▸ Material for this task
-- -- --

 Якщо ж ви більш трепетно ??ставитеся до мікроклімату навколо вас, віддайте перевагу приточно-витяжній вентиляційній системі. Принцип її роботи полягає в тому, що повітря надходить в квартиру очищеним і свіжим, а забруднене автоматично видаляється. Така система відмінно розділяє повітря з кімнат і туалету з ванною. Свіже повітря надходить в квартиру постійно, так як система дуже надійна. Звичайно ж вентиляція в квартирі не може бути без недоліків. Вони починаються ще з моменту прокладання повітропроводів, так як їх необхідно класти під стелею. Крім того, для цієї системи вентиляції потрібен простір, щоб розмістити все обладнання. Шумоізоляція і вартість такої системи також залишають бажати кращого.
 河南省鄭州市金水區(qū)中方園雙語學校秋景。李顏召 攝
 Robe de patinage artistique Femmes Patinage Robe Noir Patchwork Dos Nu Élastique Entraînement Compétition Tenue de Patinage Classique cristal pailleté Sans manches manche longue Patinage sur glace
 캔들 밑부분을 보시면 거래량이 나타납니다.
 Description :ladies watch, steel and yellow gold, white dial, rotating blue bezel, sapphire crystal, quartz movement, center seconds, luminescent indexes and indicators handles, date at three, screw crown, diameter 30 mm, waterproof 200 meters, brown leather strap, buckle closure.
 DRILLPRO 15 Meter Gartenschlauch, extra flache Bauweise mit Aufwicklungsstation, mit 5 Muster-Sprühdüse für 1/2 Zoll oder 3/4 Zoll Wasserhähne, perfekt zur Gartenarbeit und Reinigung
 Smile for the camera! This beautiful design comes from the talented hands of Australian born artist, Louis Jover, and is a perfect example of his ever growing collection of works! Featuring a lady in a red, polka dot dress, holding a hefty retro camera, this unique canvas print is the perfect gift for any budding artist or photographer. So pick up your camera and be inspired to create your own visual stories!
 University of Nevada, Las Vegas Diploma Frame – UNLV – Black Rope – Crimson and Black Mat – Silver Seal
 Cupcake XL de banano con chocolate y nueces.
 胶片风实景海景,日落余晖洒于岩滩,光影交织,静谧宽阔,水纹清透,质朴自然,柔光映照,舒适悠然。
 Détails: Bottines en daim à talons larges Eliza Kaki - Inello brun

-- -- --

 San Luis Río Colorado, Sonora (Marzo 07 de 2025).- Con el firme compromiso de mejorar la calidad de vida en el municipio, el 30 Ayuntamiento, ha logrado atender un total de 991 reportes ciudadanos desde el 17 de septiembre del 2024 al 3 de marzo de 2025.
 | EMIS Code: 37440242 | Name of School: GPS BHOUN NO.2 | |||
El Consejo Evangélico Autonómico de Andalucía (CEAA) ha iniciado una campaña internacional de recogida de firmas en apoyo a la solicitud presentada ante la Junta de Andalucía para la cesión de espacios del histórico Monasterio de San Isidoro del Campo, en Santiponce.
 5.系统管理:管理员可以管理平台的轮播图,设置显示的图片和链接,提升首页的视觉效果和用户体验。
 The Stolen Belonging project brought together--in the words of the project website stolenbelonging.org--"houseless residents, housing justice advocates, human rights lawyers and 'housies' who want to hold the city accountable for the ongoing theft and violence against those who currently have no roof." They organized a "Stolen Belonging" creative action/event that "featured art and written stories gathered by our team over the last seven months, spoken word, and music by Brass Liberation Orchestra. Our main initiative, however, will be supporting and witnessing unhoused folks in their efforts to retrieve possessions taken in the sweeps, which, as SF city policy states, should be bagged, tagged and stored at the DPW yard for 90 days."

-- -- --

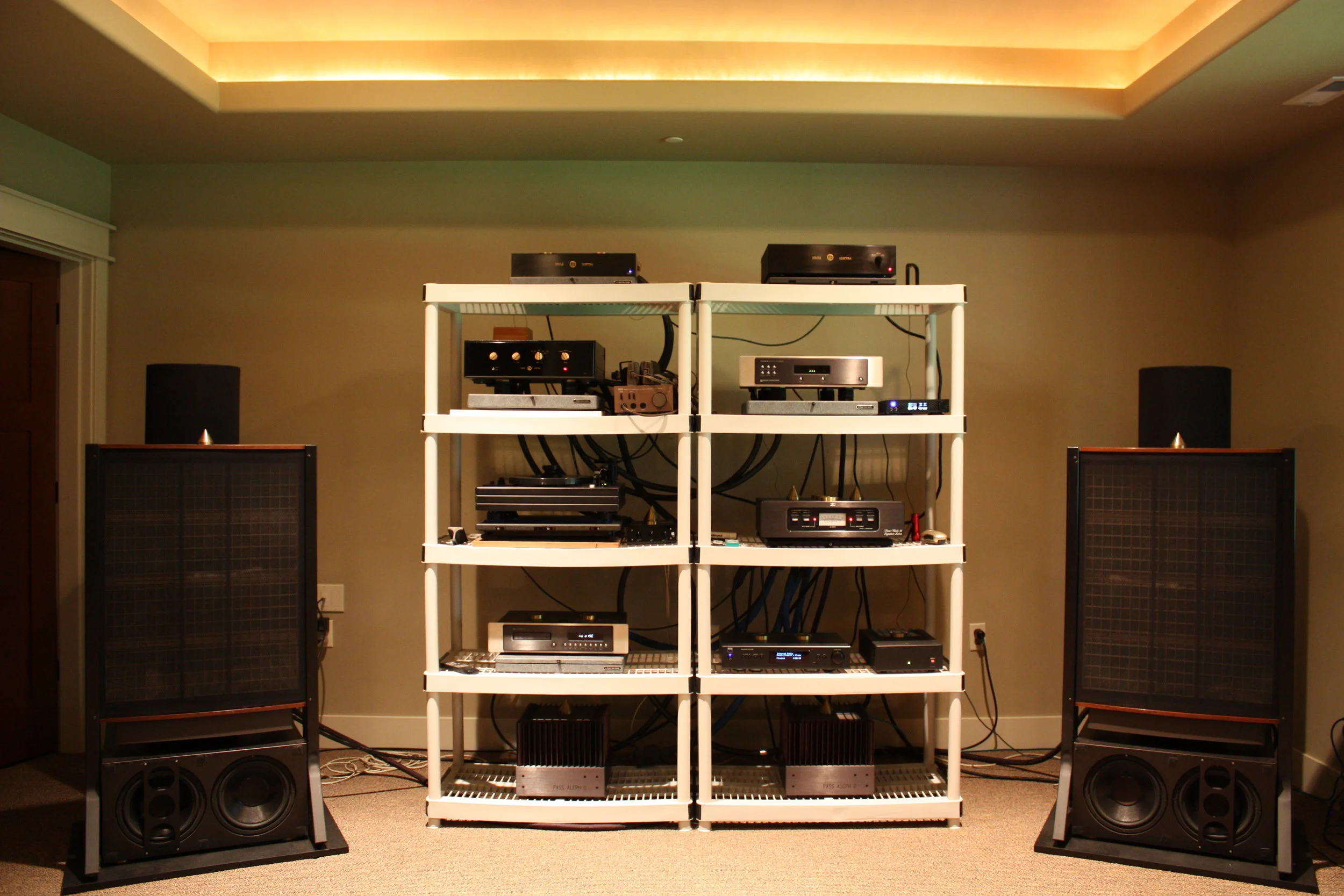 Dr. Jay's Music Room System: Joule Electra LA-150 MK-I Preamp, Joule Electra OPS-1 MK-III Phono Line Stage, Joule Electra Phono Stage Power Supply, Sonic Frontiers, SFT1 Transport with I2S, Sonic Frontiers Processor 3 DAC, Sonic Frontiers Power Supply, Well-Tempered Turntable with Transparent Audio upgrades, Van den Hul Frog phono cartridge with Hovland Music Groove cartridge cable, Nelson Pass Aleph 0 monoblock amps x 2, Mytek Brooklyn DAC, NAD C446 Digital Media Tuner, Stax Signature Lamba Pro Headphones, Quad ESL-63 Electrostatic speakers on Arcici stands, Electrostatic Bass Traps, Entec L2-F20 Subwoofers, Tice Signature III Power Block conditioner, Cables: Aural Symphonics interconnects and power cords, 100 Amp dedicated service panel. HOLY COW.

-- -- --

▸ Work instruction
Out of the entries above, write out only the lines between the line holding "Robe de patinage" and the line holding "胶片风实景海景,日落余晖洒于", inclusive, each exactly as given.

▸ Written response
 Robe de patinage artistique Femmes Patinage Robe Noir Patchwork Dos Nu Élastique Entraînement Compétition Tenue de Patinage Classique cristal pailleté Sans manches manche longue Patinage sur glace
 캔들 밑부분을 보시면 거래량이 나타납니다.
 Description :ladies watch, steel and yellow gold, white dial, rotating blue bezel, sapphire crystal, quartz movement, center seconds, luminescent indexes and indicators handles, date at three, screw crown, diameter 30 mm, waterproof 200 meters, brown leather strap, buckle closure.
 DRILLPRO 15 Meter Gartenschlauch, extra flache Bauweise mit Aufwicklungsstation, mit 5 Muster-Sprühdüse für 1/2 Zoll oder 3/4 Zoll Wasserhähne, perfekt zur Gartenarbeit und Reinigung
 Smile for the camera! This beautiful design comes from the talented hands of Australian born artist, Louis Jover, and is a perfect example of his ever growing collection of works! Featuring a lady in a red, polka dot dress, holding a hefty retro camera, this unique canvas print is the perfect gift for any budding artist or photographer. So pick up your camera and be inspired to create your own visual stories!
 University of Nevada, Las Vegas Diploma Frame – UNLV – Black Rope – Crimson and Black Mat – Silver Seal
 Cupcake XL de banano con chocolate y nueces.
 胶片风实景海景,日落余晖洒于岩滩,光影交织,静谧宽阔,水纹清透,质朴自然,柔光映照,舒适悠然。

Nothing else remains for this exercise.